No mundo internacional, ninguém parece ter dúvidas de que o presidente Manuel Zelaya, das Honduras, afastado do país por um movimento militar, e posteriormente substituído na chefia do Estado, continua a ter toda a legitimidade constitucional para se manter à frente do país.

Sem pôr isso em causa e sem pretender ser mais papista que o Papa, pergunto-me, contudo, se não seria prudente a essa mesma comunidade internacional deixar cair uma palavra sobre a importância de ser dado, de uma vez por todas, o direito aos povos da América Latina de não serem confrontados, quando isso dá jeito aos seus líderes, com propostas para o prolongamento ou renovação de mandatos, através da alteração das constituições. Como Zelaya pretendia fazer.
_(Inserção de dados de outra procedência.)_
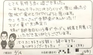 とても気持ち良く過ごせました。一平ちゃんのチョコにはびっくりで、家に帰ったら家族で食べてワイワイしようと思います。カニもたくさんで全部食べれんかった!!スゴイ量で大満足!!妹が誕生日という事でカードと絵馬を用意していただきありがとうございます。(姉)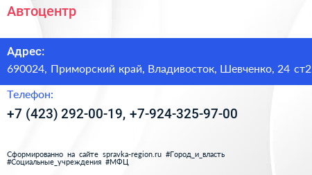 Автоцентр по адресу 690024, Приморский край, Владивосток, Шевченко, 24 ст2 в дальнейшем Организация, размещена в следующих категориях:

É claro que sempre se dirá que, se as mudanças constitucionais se fizerem nos termos dos próprios textos ou por referendo livre, estará salvaguardada a legalidade do acto e garantida uma cobertura de legitimidade democrática para o mesmo. Mas já começa a ser tempo de as lideranças latino-americanas se conformarem com essa coisa simples que é saberem viver com a limitação temporal do poder prevista nas constituições à luz das quais foram eleitas.

O exemplo de Lula da Silva, no Brasil, recusando a hipótese de um terceiro mandato, quando tem mais de 70% de aprovação popular, é um caso que deve ser exibido como exemplar.